- _What the task asks_
All lines below starting at the one that holds "- Винничук Любов" and ending at the one that holds "Комплект поршней G4FC-II" should be printed exactly, ends included. Pictures should not be printed, nor anything else.

===== Exercise input

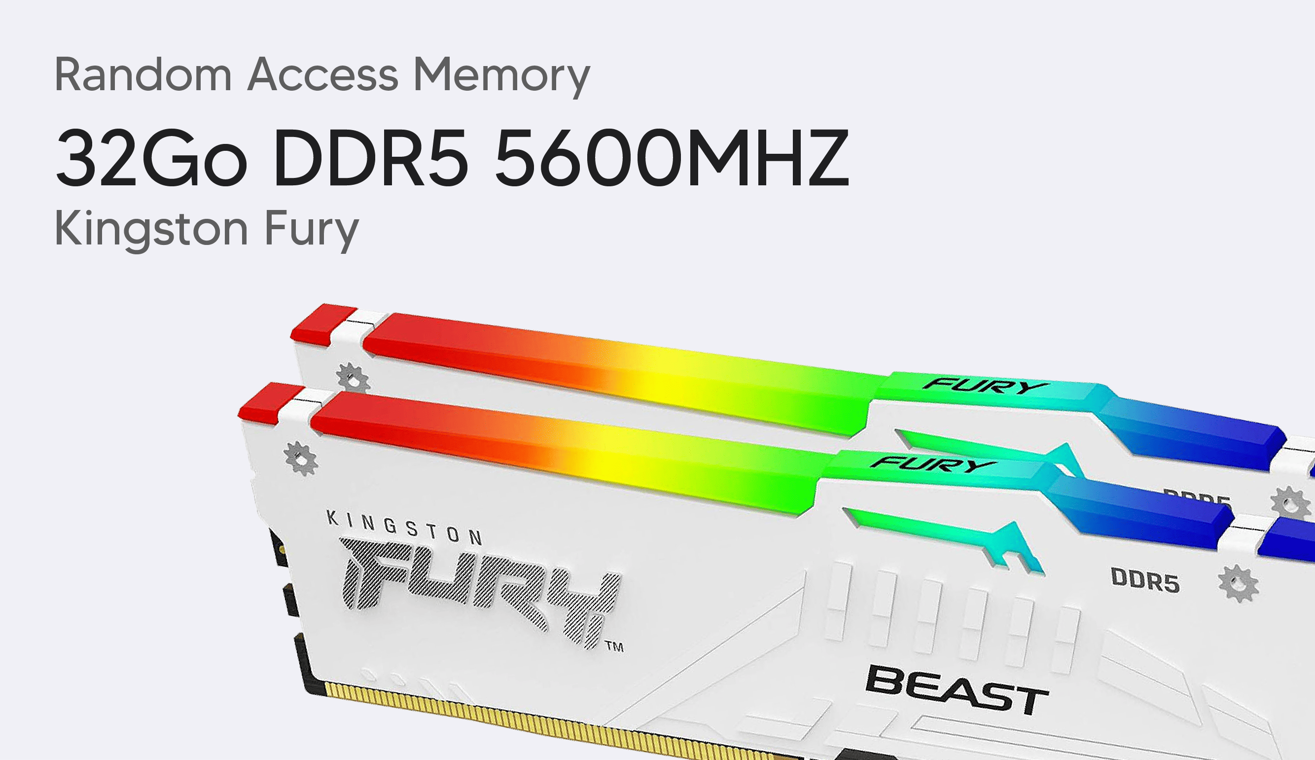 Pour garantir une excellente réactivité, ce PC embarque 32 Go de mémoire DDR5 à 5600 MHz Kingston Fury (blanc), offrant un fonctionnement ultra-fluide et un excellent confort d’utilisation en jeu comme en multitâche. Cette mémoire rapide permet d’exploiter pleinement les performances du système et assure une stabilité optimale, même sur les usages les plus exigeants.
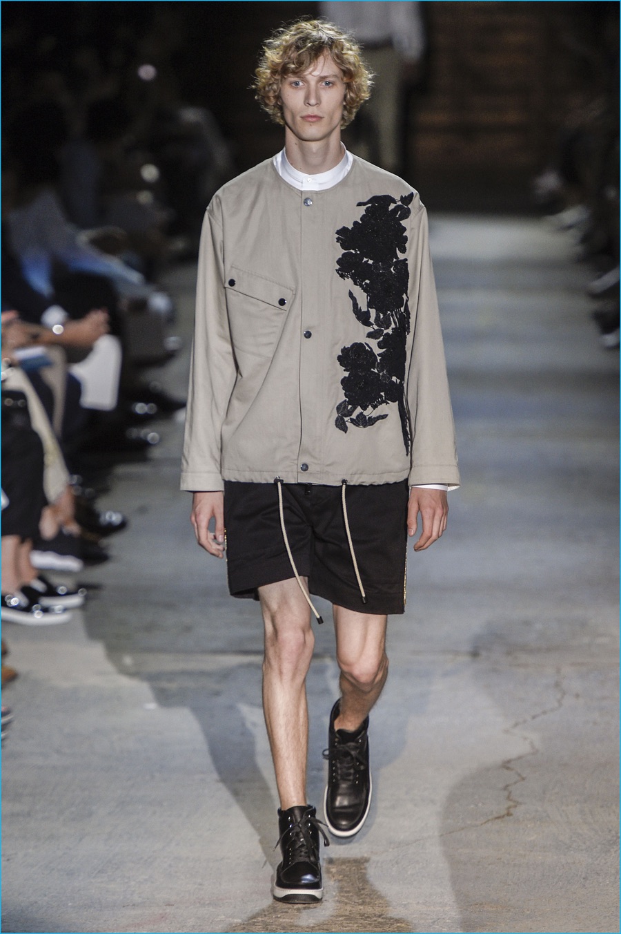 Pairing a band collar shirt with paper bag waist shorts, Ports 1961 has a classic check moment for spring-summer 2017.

==========
===== Exercise input

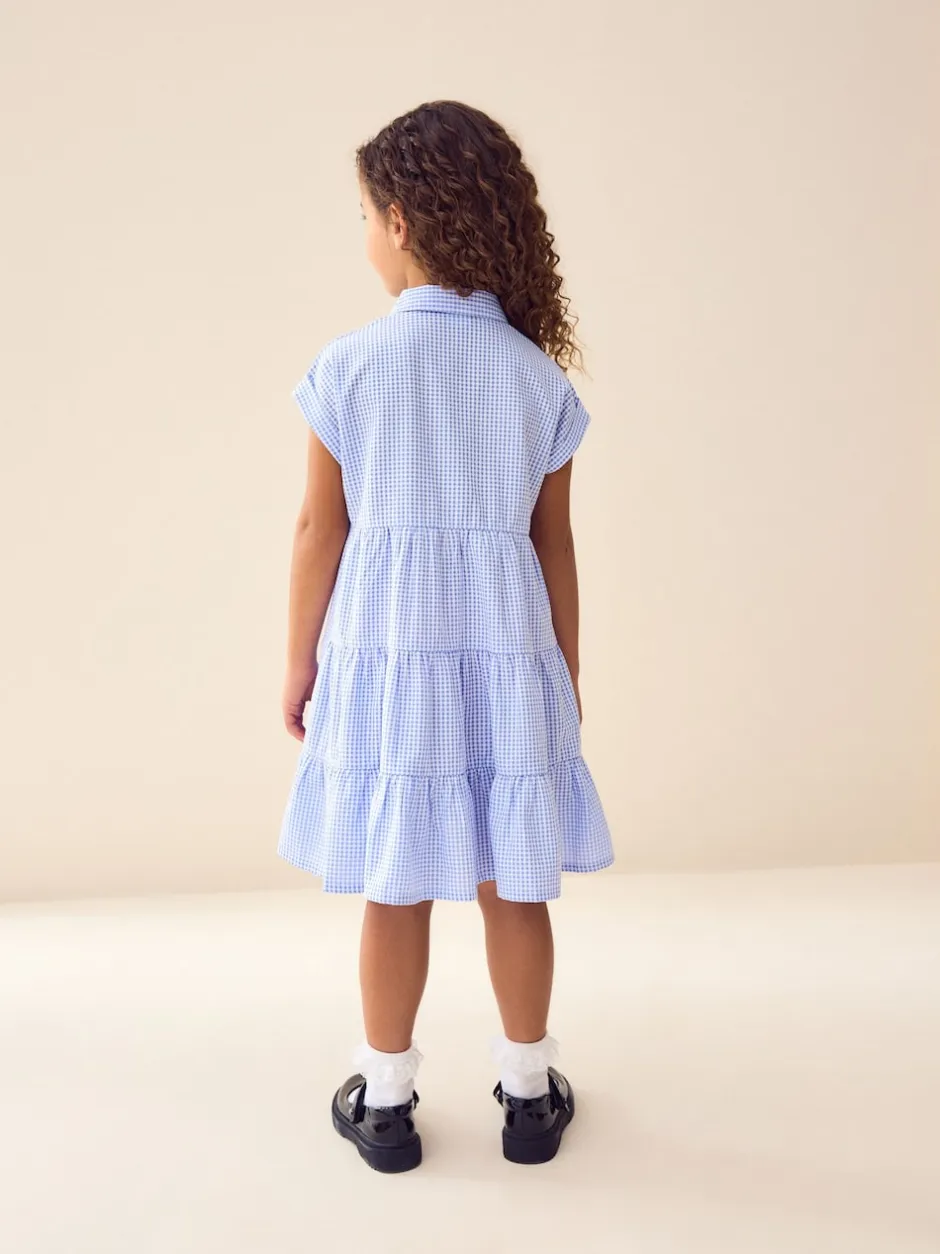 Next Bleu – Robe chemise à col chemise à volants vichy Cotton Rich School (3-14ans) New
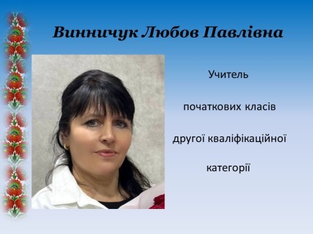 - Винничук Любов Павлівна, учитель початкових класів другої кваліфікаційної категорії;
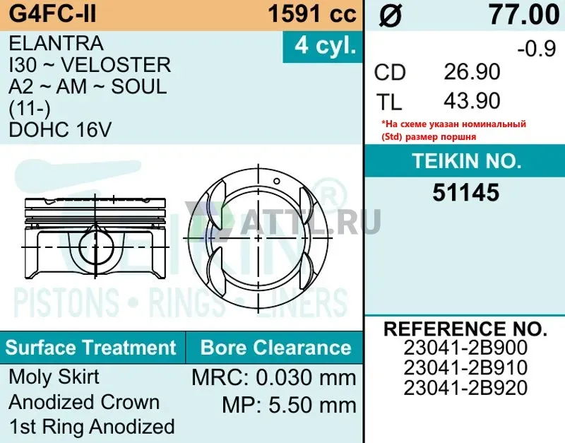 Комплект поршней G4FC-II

==========

- _Solution_
 - Винничук Любов Павлівна, учитель початкових класів другої кваліфікаційної категорії;
 Комплект поршней G4FC-II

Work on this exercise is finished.